[Bug Report] Result of a high dimension matmul corrupts when program cache is enabled and assigning to an already allocated tensor and the 2nd matrix is transposed. At index 10240 of the result tensor #9849

marty1885 · 2024-06-29T11:39:37Z

Describe the bug

The result of a 1x10x16x256 by 1x20x256x16 matmul is corrupted when program cache is enabled and a few very specific conditions. The situation is weirdly specificity. But happens to be exactly what I am doing when running GGML. I am able to create a minimal example:

static tt::tt_metal::Tensor make_random_tensor(tt::tt_metal::Shape s)
{
    static int seed = 42;
     auto b = tt::tt_metal::owned_buffer::create(
        create_random_vector_of_bfloat16_native(
        s[0] * s[1] * s[2] * s[3] * 2
            , 2, seed++, -1));
    tt::tt_metal::Tensor t(OwnedStorage{std::move(b)}, s
        , tt::tt_metal::DataType::BFLOAT16, tt::tt_metal::Layout::ROW_MAJOR);
    return tt::tt_metal::tilize_with_zero_padding(t.to(AutoFormat::GetDefaultDevice()));
}

int main()
{
    auto device = &ttnn::open_device(0);
    AutoFormat::SetDefaultDevice(device);
    ttnn::enable_program_cache(*device); // Program cache HAS to be enabled

    auto m1 = make_random_tensor(tt::tt_metal::Shape{1, 10, 32, 256});
    auto m2 = make_random_tensor(tt::tt_metal::Shape{1, 20, 32, 256});

    auto m3 = make_random_tensor(tt::tt_metal::Shape{1, 1, 32, 32}); // m3 must be assigned with something
    // The transpose() in the following line must be there. Directly matmul a 1x10x32x256 by 1x20x256x32 does not trigger the bug
    m3 = ttnn::operations::matmul::matmul(m2, tt::tt_metal::transpose(m1, -2, -1), std::nullopt);

    // This won't trigger the bug
    // auto m3 = ttnn::operations::matmul::matmul(m2, tt::tt_metal::transpose(m1, -2, -1), std::nullopt);

    auto& q = m3;
    std::vector<bfloat16> buf(q.shape().volume());
    tt::tt_metal::memcpy(buf.data(), q);
    std::cout << std::endl;
    for(size_t i = 0; i < buf.size(); i++) {
        if(i % 32 == 0)
            std::cout << std::endl;
        if(i % 1024 == 0)
            std::cout << std::endl;
        std::cout << buf[i].to_float() << " ";

        // detect NaN and corrupted values
        if((std::isnan(buf[i].to_float()) == true || std::abs(buf[i].to_float()) > 100)) {
            std::cerr << "NaN or corrupted value detected at index " << i << std::endl;
            abort();
        }
    }

    std::cout << std::endl;


    device->close();
}

To Reproduce
Steps to reproduce the behavior:

Compile and run the above minimal example
- The equivalent Python program does not experience the same issue
Observe the output NaN or corrupted value detected at index 10240
Try disable the program cache and the NaN disappears.

Expected behavior

There should not be a NaN in the result what so ever

Screenshots
If applicable, add screenshots to help explain your problem.

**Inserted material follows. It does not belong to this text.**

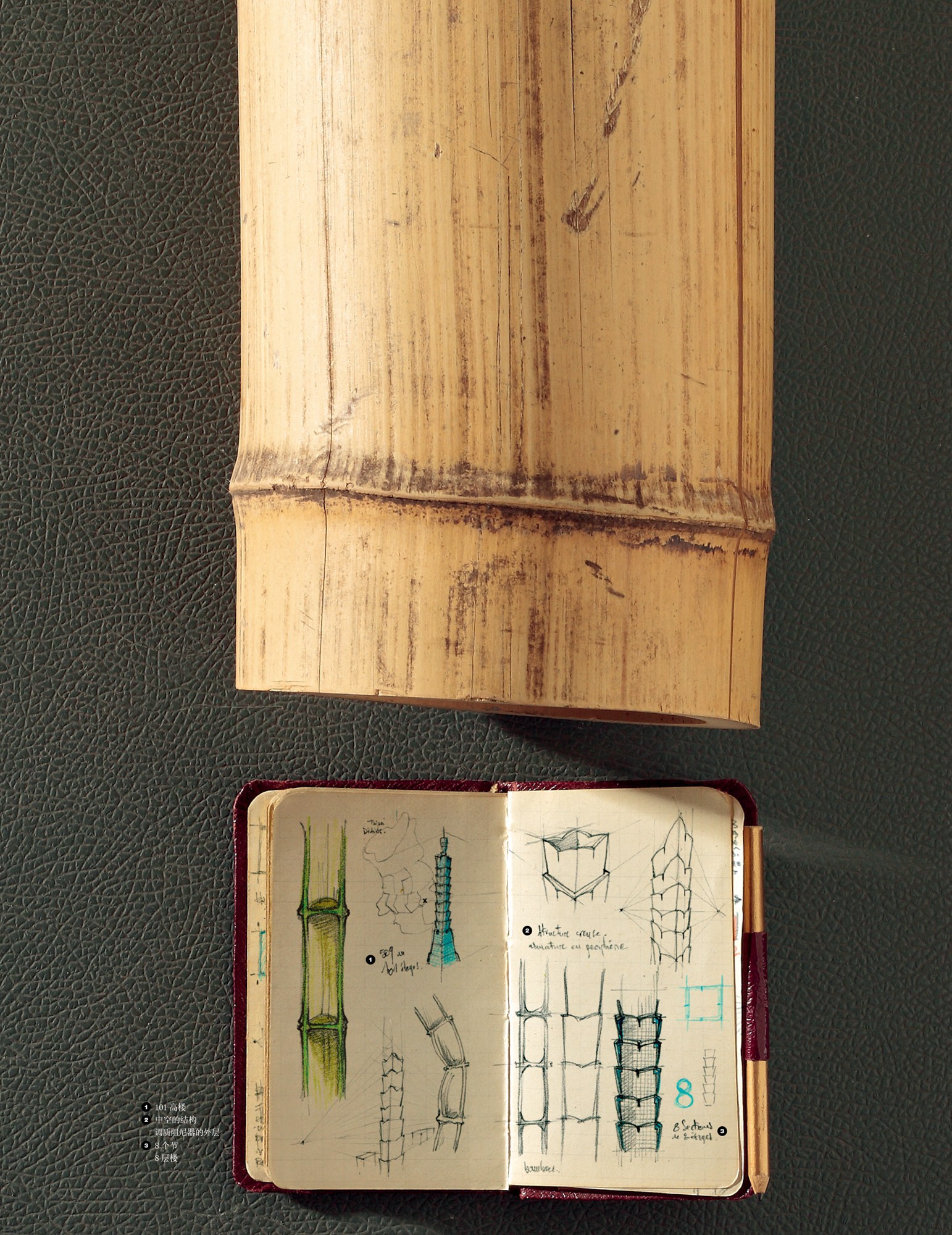 我们能拿竹子做任何事:它是一种如此便利的材料,以至于我们会自问何必要模仿它——倒不如直接使用它。竹子不仅是亚洲的传统建筑材料,而且还成为了生态建筑概念中重要的元素。它的坚硬和轻盈令它成为一种便于改造的材料:不仅有竹子做的乐器、单车,甚至还有竹子做的汽车……使用竹子的最佳理由就是它的生长速度:所有与它打过交道的园丁都知道,放任它的生长比抑制它的生长更容易。原因在于竹子并不是树,而是一种草。与其他的草本植物相同,它围绕地下的茎(根状茎)生长,根状茎是整棵植物的真正心脏。“躯干”(称作“茎”或者“竹秆”)——在地面上生长的部分,其实等同于草的叶片:将它们砍掉并不会让植物虚弱——即便所说的茎已经向上生长了好几米。

Please complete the following environment information:

OS: Arch Linux
commit: 0ee098a
Card: Grayskull e75

Additional context
Add any other context about the problem here.

The text was updated successfully, but these errors were encountered:

TT-BrianLiu · 2024-07-03T15:23:49Z

Hey Marty, I will take a look at this. We haven't done much testing with our matmul APIs from C++ side, so thanks for pointing out this issue!

TT-BrianLiu · 2024-07-04T19:10:31Z

Can you help provide the full test file with the includes and show how you built and run the test?

marty1885 · 2024-07-05T14:24:17Z

@TT-BrianLiu No problem. I have uploaded the example code into a self-contained repository on my GitHub. Please let me know if the instructions in the README is not clear. I just tried again on c52e153 and I am experiencing the same issue. LMK if you cannot replicate it on your machine.

https://github.com/marty1885/ttnn-matmul-corruption-demo

TT-BrianLiu · 2024-07-05T16:05:26Z

Thank you! I will try running the test

TT-BrianLiu · 2024-07-05T19:30:19Z

I was able to repro it and I pushed the test here: jedi

TT-BrianLiu · 2024-07-05T21:26:50Z

I figured our your issue. Our matmuls either support [B, 1, M, K] x [1, 1, K, N] (bcast_batch=True) or [B, 1, M, K] x [B, 1, K, N] (bcast_batch=False). In this test, the batches for input 1 (m2) and input 2 (m1) don't match so this matmul should actually assert out but it doesn't. Instead, our matmul is treating this as the second bcast_batch=False case and reading input 2 (m1) as a full [20, 1, 256, 32] tensor when only [2, 1, 256, 32] is actually allocated.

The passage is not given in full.